Durga Puja, like any other puja was also used to be held in community temples and also in temples belonging to mostly affluent families. However, irrespective of these types of organizers the involvement of the whole community had always been there. Being a mega religious festival in nature spanning over four days at a stretch with ingredients and rituals aplenty not every one in the community could organize it. Whenever a Durga Puja was held people from the locality use to throng in mostly with their entire family to take part in it.
But Baroari (community) Puja as such, that is one organized by a group of members of a community, usually of same locality, came up in the early 19th century. As found in the historical anecdotes, Durgotsav, the festival of worshipping Durga, was organized by some 12 Brahmins (the Hindu priest class) of Gooptipara in the district of Hooghly. The Puja expenditure worth Rs. 7,000 was financed entirely through subscription mobilized from the locality. The basic objective of organizing the puja was to shield the local people from natural calamity or epidemic. It was called Baro Yaari or Baroari as there were 12 heads behind it. This is how Baroari derived its name.

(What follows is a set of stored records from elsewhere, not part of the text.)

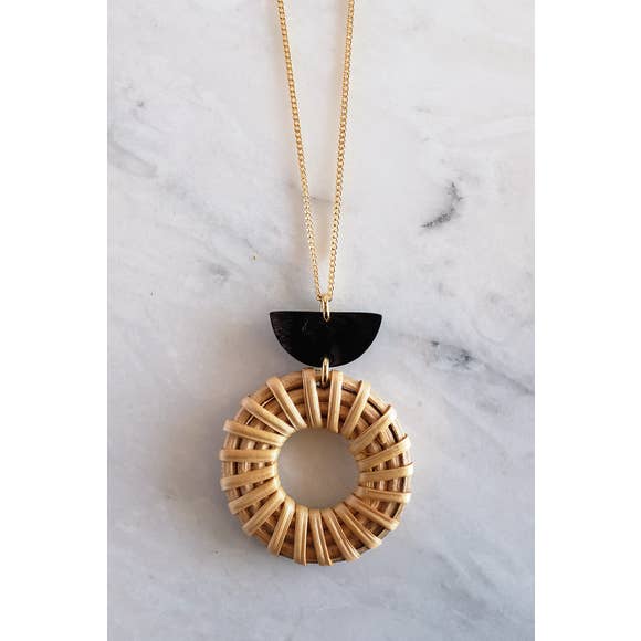 Earthy and effortlessly-chic, say hello to the Ninh Binh Buffalo Horn & Rattan Donut Pendant Necklace.
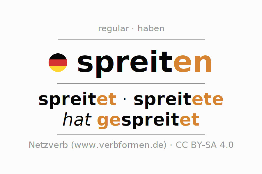- Presente: spreit(e) (du), spreiten wir, spreitet (ihr), spreiten Sie
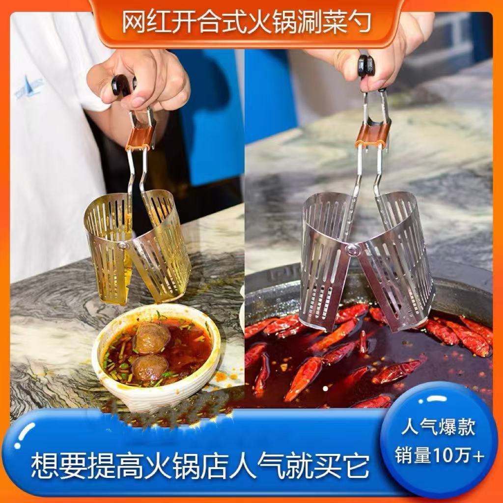 開合式鍋漏れスプーン304ステンレス煮脳花神器しゃぶしゃぶ業務創意帯フック豚脳スプーン
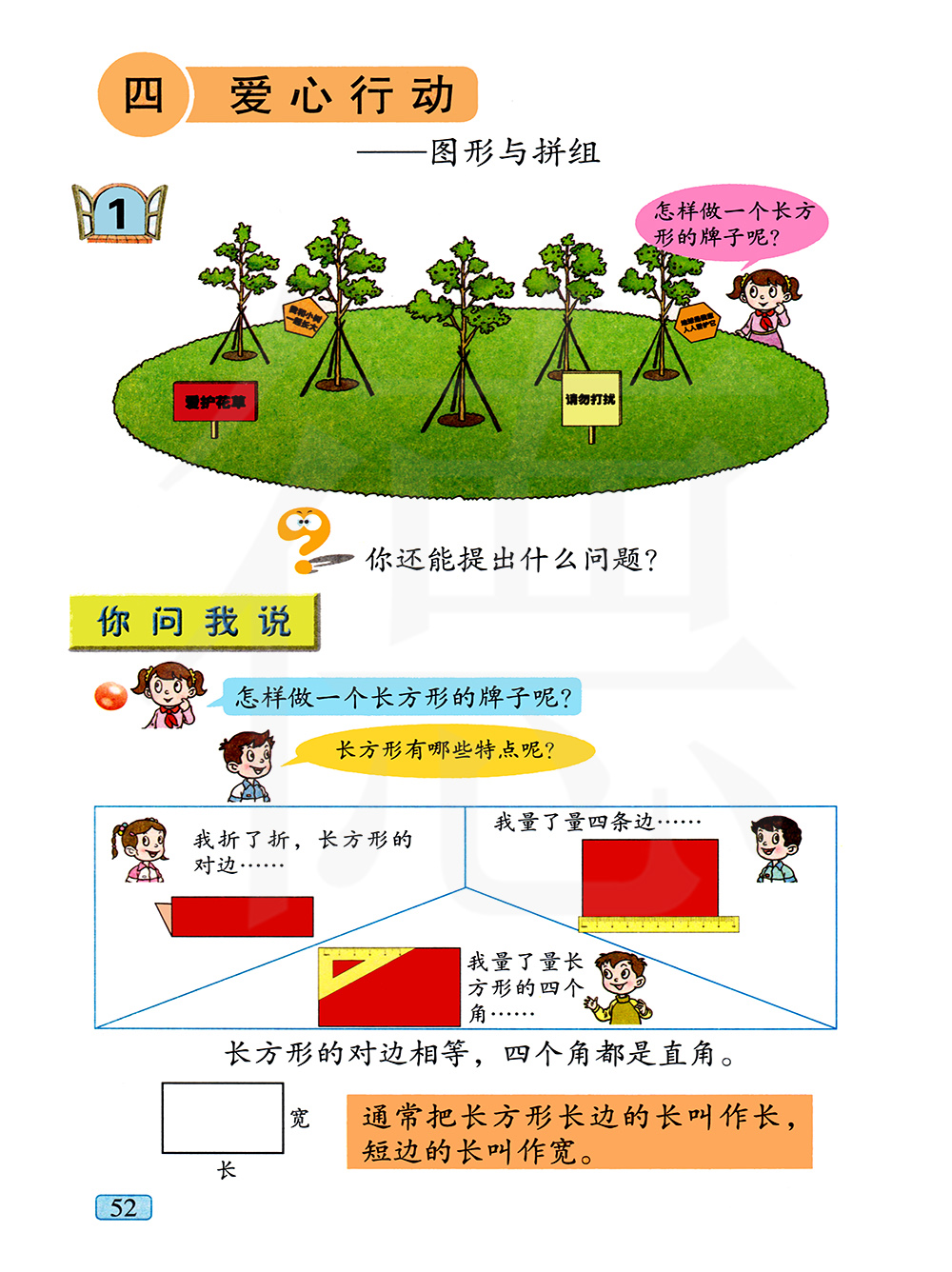 2:通常把长方形长边的长叫做长,短边的长叫做宽。
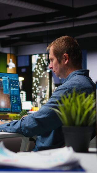 Vertical Expert developer using AI neural networks on 3D modeling program to design a new apartment floor plan, virtual assistant helps with furniture and layout on architectural software. Camera A. Pro Video

Baroari took its root in old Calcutta with the Puja of the Hindu Dharma Pracharani Sabha (the council for promotion of Hindu religion) at Balaram Ghose Street. It was located by the bank of the old Ganga(now reduced to Tolly Nullah). It was the maiden Baroari Puja in Calcutta - a Puja that was truly of all, by all and for all.

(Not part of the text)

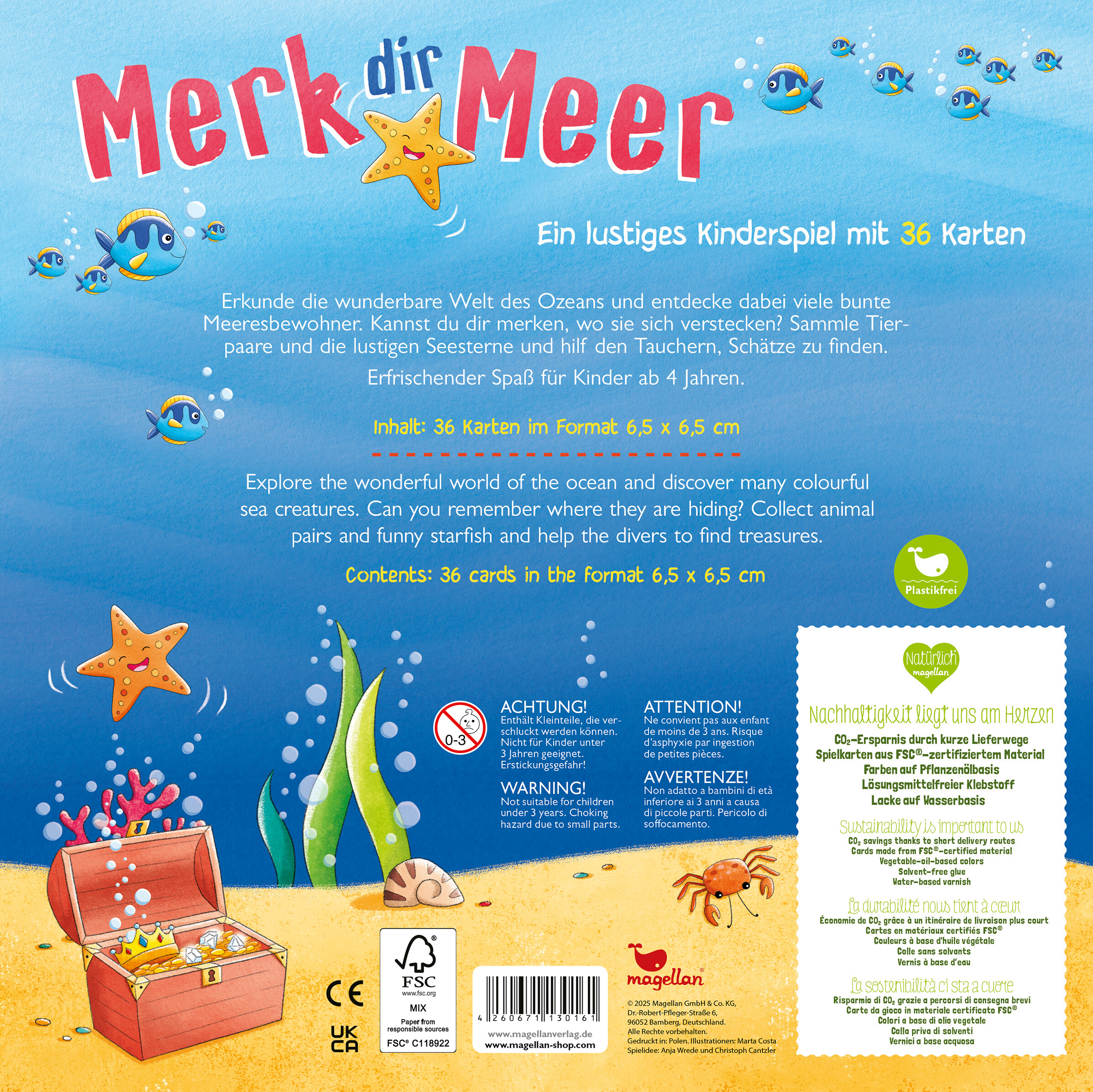 | Schlagworte | Delfin • Feinmotorik • Fisch • für Jungen • für Mädchen • Gedächtnis • Geschenk 4. Geburtstag • Kinderspiel • Krabbe • Meer • Memo • Memory • Merken • Ozean • Schildkröte • Seesterne • Spiel ab 4 Jahren • Unterwasser • Wasser |

With the pace of the changing time things changed. As the erstwhile big joint families got fragmented more and more in course time, the image of Durga underwent changes. The original single frame structure, called "ek-chala" that embraced Durga and his family of five siblings with their respective Bahanas(carriages) was gradually broken down to five ("panch chala"), each one attached behind each of them. Kumortully, the place in North Calcutta where the idols are created also took to multi-framed idols of the Family of home-bound (parents') Durga.
Gradually more changes were incorporated in the features of the idols. The skilled clay modellers of Kumortully got influenced by the changing social parameters. The style and presentation that were earlier bounded by traditional beliefs and customs became more and more liberalized. The art form comes into being, as the idol makers enjoy more latitude. Driven by the demands of the puja organizers and the imagination of the artists the idols kept wearing newer looks.
The worshipped god turns into a frame of creating masterpieces as creators changed their medium from clay to other stuff. Even when clay is used the images are molded to look like one sculpted out of stone or metals. This is the way Durga idols evolve to its present forms and look today.
The pandals also nurture a similar process of evolution. Thanks to the the imagination of the organizers. The simple cloth and bamboo structure has, today, turned out to be a creation of an exquisite range of pantheon, replicating architecture marvel from anywhere in the world.
Keeping pace with the idols and pandals comes the dazzling creation of luminosity. Lightings are no longer suffice to serve their rudimentary purpose. It is now considered to be a medium of art. And the Baroari Pujas today exploit this particular spirit. Going beyond the religious frontiers the trendy luminosity today depict a perfect recital of current socio-cultural events, anything of national or international importance.
Just visit a few pandals and you will be struck by the sheer range of creativity in and around these pandals.